I’m not going to belabor the obvious critique of this account, that it focuses too much on statistical growth and financial market performance and too little on employment (which, in the optimistic thought experiment, would follow statistical growth with a lag). Also, if we are enumerating headwinds to current GDP growth, I would have included the tailing off of Federal stimulus, a factor I don’t recall officials emphasizing.

I was impressed that Treasury officials had a pretty good understanding of the impediments to growth going forward. They understood that the core problem preventing business expansion isn’t access to capital but absence of demand.
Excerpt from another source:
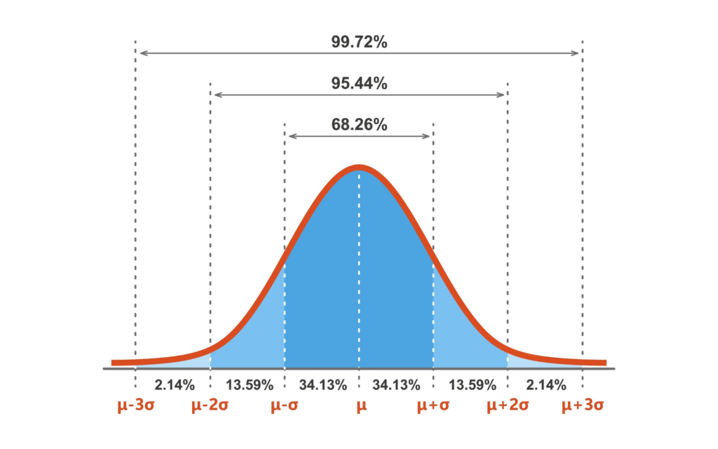 - ממוצע (mu): המרכז של ההתפלגות. במקרה של ציונים, זהו הציון הממוצע של כל התלמידים בכיתה.

But I got the sense that, as they see things, they are boxed-in on that front, paralyzed and hoping for the best. When someone asked about monetary policy, an official said he really couldn’t comment on behalf of the Fed, but then proceeded to comment anyway, that in a very sharp downtown the Fed would have (presumably unconventional) ways to intervene, but that we were probably near the limits of what the central bank would do on the economy’s current path. Regarding their own bailiwick, an official perceptively pointed out that the set of spending programs Congress seems capable of delivering and the set of programs the public would consider wise and legitimate seem not to intersect. All of this resonated well with me: I view the current macro-sluggishness as a function of insufficient demand, yet stand with the hypothetical public in being hesitant to support “stimulus” and “jobs” programs that strike me as haphazardly targeted and sometimes wasteful or corrupt.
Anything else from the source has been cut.